- Opening Delimiter -
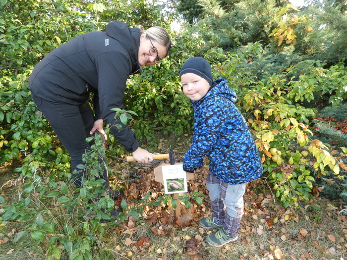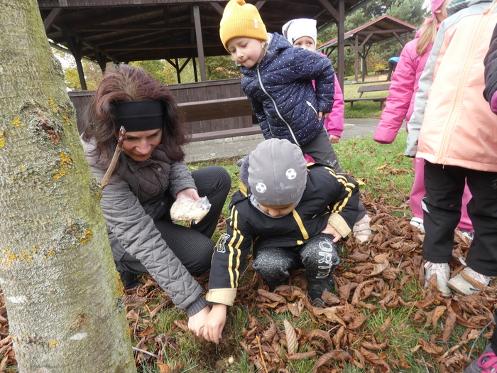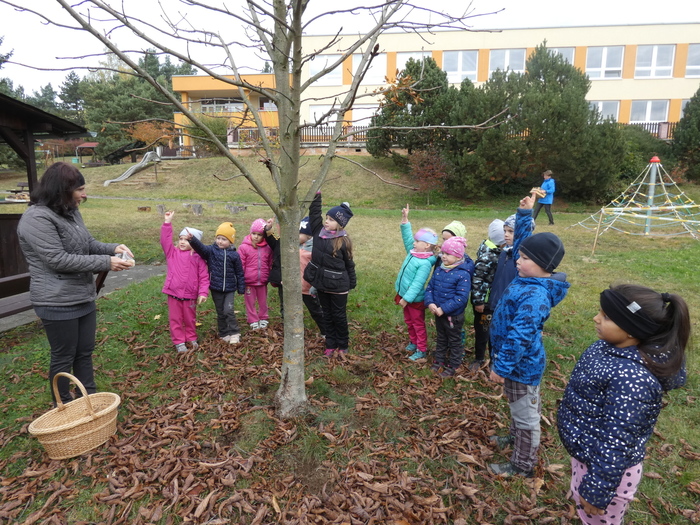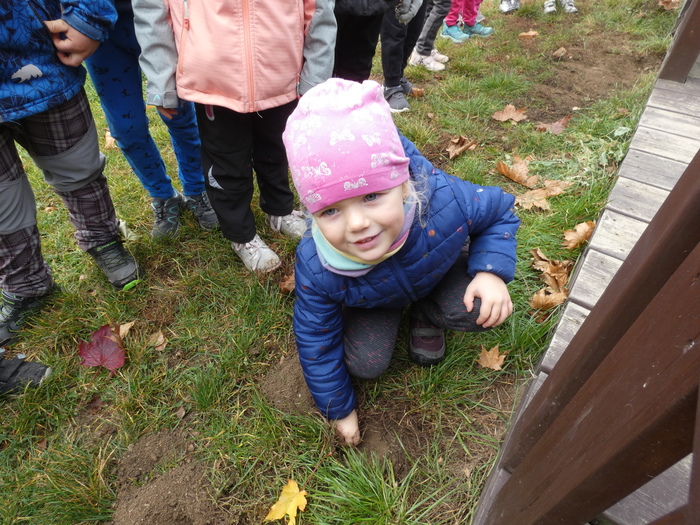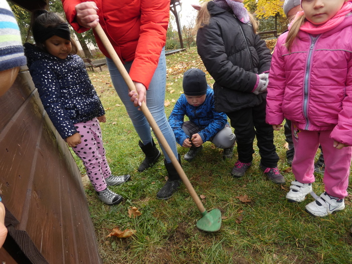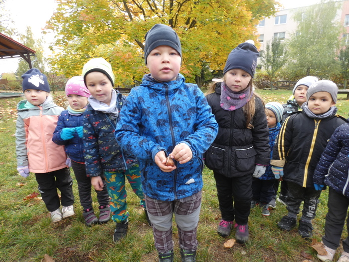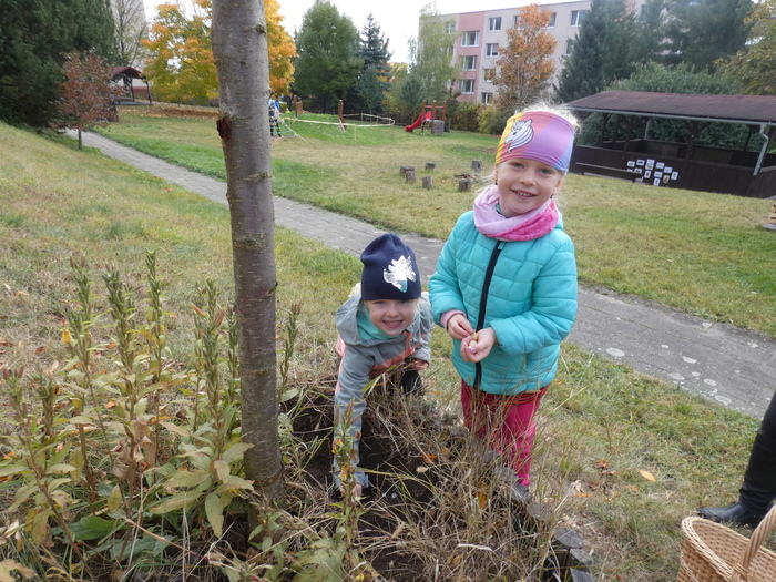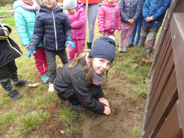 Malí zahradníčci pomáhali s vypletím vyvýšeného záhonu. S dětmi začínáme pozorovat krásně zbarvené listí stromů a keřů v zahradě. Drobným živočichům necháváme hromádku listí pro zimní odpočinek. Ježkovi jsme označili domeček, víme , že na zahradě přebývá. Snad se mu hromádka listí bude pro přezimování hodit. V říjnu také občas pršelo a zasetá travní semena na novém kopci se mají čile k světu.S dětmi jsme zasadili cibulky tulipánů v různých částech zahrady. Doufáme, že na nás na jaře vykouknou tulipánky ze země:-).
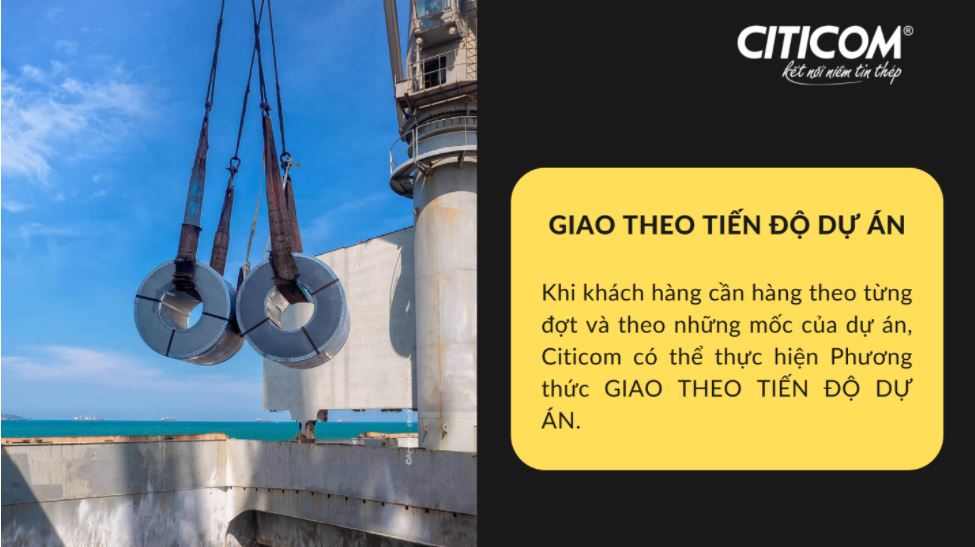 Khi khách hàng cần hàng theo từng đợt và theo những mốc của dự án, Citicom có thể thực hiện Phương thức GIAO THEO TIẾN ĐỘ DỰ ÁN.
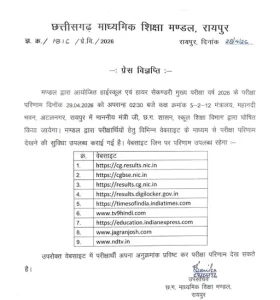 - छत्तीसगढ़ बोर्ड रिजल्ट 2026 डाउनलोड करने के लिए छात्र आधिकारिक वेबसाइट पर जाएं।
- Closing Delimiter -
REQUIREMENT
Output the full material above exactly, leaving every picture out.

RESPONSE AREA
 Malí zahradníčci pomáhali s vypletím vyvýšeného záhonu. S dětmi začínáme pozorovat krásně zbarvené listí stromů a keřů v zahradě. Drobným živočichům necháváme hromádku listí pro zimní odpočinek. Ježkovi jsme označili domeček, víme , že na zahradě přebývá. Snad se mu hromádka listí bude pro přezimování hodit. V říjnu také občas pršelo a zasetá travní semena na novém kopci se mají čile k světu.S dětmi jsme zasadili cibulky tulipánů v různých částech zahrady. Doufáme, že na nás na jaře vykouknou tulipánky ze země:-).
 Khi khách hàng cần hàng theo từng đợt và theo những mốc của dự án, Citicom có thể thực hiện Phương thức GIAO THEO TIẾN ĐỘ DỰ ÁN.
 - छत्तीसगढ़ बोर्ड रिजल्ट 2026 डाउनलोड करने के लिए छात्र आधिकारिक वेबसाइट पर जाएं।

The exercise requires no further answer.